Canteen looks so much the part. The owners stress that they take design as seriously as they do food. This new Baker Street branch is the third to be opened, the first being in Spitalfields and the second around the back of the Royal Festival Hall. They have in common a definite Festival of Britain look - if anything, more plushly done than the real thing. In a little promotional booklet placed on every table it states that the design is inspired by classless, communal, public spaces "such as schools, libraries, town halls and interiors" from that epoch.

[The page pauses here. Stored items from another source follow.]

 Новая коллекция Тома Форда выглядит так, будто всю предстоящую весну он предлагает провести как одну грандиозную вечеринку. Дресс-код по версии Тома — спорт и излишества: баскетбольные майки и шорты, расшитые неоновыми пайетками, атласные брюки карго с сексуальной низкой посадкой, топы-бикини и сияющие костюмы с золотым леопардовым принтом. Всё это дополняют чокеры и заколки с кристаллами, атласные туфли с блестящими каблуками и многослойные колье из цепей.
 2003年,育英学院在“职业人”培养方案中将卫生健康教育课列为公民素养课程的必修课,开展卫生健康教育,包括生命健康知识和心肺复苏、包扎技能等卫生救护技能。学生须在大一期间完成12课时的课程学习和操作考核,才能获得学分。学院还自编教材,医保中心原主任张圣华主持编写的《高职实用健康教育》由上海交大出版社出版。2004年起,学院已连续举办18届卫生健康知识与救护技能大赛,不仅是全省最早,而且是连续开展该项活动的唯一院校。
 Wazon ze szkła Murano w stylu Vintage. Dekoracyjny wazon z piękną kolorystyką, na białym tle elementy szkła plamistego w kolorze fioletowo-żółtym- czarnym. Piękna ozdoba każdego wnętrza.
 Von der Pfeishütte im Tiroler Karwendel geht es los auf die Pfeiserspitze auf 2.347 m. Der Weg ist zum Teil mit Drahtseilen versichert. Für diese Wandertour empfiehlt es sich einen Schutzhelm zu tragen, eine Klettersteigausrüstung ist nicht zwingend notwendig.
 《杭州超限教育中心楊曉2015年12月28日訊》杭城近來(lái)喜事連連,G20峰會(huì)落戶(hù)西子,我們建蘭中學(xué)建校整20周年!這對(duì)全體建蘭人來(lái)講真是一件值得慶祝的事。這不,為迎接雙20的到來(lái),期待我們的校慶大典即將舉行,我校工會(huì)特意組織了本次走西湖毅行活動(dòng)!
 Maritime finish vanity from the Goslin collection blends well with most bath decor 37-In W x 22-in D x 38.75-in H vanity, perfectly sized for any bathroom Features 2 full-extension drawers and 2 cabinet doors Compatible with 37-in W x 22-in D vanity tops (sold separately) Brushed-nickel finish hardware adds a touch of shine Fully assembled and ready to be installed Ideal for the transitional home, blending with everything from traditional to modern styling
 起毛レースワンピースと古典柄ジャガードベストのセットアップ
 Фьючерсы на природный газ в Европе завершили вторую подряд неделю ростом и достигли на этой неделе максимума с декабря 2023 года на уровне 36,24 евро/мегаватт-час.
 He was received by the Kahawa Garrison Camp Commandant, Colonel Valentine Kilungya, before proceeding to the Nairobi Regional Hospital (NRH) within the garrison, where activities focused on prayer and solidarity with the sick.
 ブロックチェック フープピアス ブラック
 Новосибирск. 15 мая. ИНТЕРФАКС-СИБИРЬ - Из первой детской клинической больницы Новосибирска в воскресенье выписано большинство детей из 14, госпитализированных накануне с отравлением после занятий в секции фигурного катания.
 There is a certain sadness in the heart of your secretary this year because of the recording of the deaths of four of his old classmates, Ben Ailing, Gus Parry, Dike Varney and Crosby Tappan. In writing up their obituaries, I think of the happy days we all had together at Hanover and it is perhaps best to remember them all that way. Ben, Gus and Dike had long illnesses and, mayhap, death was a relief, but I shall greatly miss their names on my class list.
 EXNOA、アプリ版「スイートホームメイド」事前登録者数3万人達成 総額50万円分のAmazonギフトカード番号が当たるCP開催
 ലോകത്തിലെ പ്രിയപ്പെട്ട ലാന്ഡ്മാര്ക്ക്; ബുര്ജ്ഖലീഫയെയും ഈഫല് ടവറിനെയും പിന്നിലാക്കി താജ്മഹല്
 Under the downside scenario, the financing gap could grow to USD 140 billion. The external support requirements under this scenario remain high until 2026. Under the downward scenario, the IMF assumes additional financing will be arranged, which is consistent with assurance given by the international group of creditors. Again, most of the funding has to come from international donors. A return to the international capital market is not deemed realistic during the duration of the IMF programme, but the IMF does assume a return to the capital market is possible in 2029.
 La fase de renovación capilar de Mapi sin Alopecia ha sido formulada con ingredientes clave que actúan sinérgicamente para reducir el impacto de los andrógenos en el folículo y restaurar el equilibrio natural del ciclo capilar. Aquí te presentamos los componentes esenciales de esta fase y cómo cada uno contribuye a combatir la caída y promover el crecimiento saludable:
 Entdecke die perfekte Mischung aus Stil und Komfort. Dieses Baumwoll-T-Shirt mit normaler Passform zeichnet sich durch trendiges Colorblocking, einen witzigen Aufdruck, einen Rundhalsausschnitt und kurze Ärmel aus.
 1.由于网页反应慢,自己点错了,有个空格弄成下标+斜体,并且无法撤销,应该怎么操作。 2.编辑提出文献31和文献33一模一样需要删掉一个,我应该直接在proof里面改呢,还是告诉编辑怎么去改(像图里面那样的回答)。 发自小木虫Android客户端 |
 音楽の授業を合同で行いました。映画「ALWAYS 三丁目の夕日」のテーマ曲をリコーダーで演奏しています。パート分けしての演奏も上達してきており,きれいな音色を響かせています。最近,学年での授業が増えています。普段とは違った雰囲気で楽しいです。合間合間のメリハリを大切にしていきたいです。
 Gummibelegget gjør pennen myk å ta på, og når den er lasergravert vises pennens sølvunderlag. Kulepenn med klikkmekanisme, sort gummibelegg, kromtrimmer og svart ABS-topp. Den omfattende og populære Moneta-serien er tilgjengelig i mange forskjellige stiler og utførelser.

Canteen Baker Street - review in full >>

Time Out, 18 December
Charmaine Mok visits Taste of McClements, 8 Station Approach, Kew

If you thought the days of elaborate tasting menus had just gone down the plughole, grab your nearest and dearest and head to Kew, where John McClements's (of Ma Cuisine Le Petit Bistrot et al) newest endeavour is set. At once his most ambitious and most modest project, the 16-course tasting menu is yours for a relatively bargainous £29. Seating just 20 and open only for dinner, it's a tiny restaurant rather more akin to a posh and slightly fey uncle's dining room than a plush Michelin-starred boudoir.